The same thing is happening with music. At Pandora.com, users can type in a song or an artist that they like and almost instantaneously the
website starts streaming song after song in the same genre. Do you like Cyndi Lauper and Smash Mouth? Voilà, Pandora creates a Lauper/Smash Mouth radio station just for you that plays these artists plus others that sound like them. As each song is playing, you have the option of teaching the software more about what you like by clicking “I really like this song” or “Don’t play this type of song again.”
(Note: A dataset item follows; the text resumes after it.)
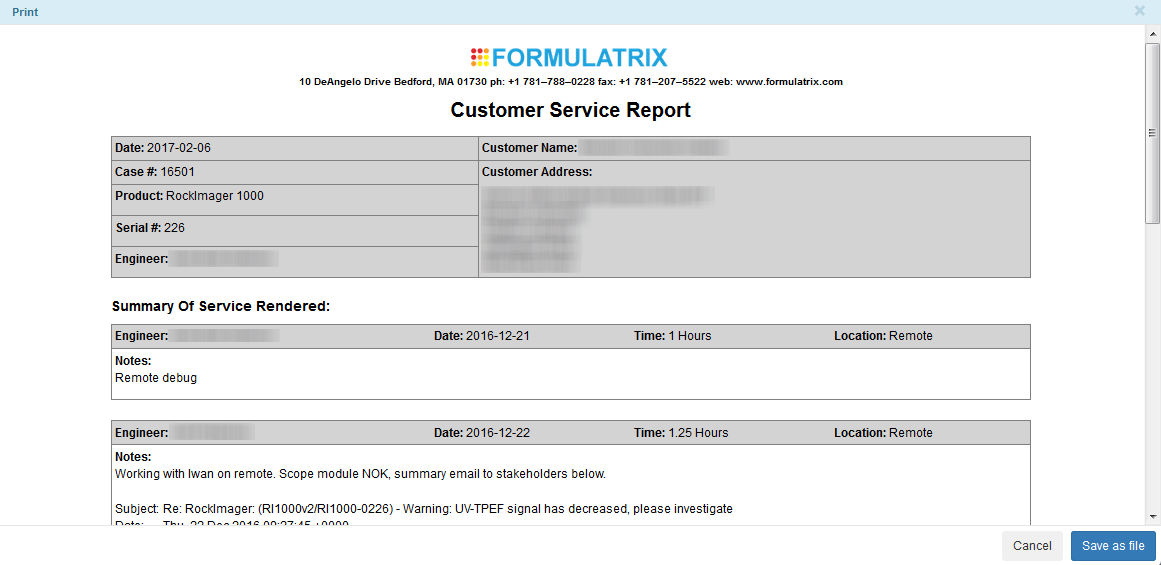 Automatically generate a service report suitable for customer viewing, so that they understand all of the tasks and costs related to a case. For more information, see Generating Customer Service Reports.

It’s amazing how well this site works for both me and my kids. It not only plays music that each of us enjoys, but it also finds music that we like by groups we’ve never heard of. For example, because I told Pandora that I like Bruce Springsteen, it created a radio station that started playing the Boss and other well-known artists, but after a few songs it had me grooving to “Now” by Keaton Simons (and because of on-hand quick links, it’s easy to buy the song or album on iTunes or Amazon). This is the long tail in action because there’s no way a nerd like me would have come across this guy on my own. A similar preference system lets Rhapsody.com play more than 90 percent of its catalog of a million songs every month.
MSNBC.com has recently added its own “recommended stories” feature. It uses a cookie to keep track of the sixteen articles you’ve most recently read and uses automated text analysis to predict what new stories you’ll want to read. It’s surprising how accurate a sixteen-story history can be in kickstarting your morning reading. It’s also a bit embarrassing: in my case American Idol articles are automatically recommended.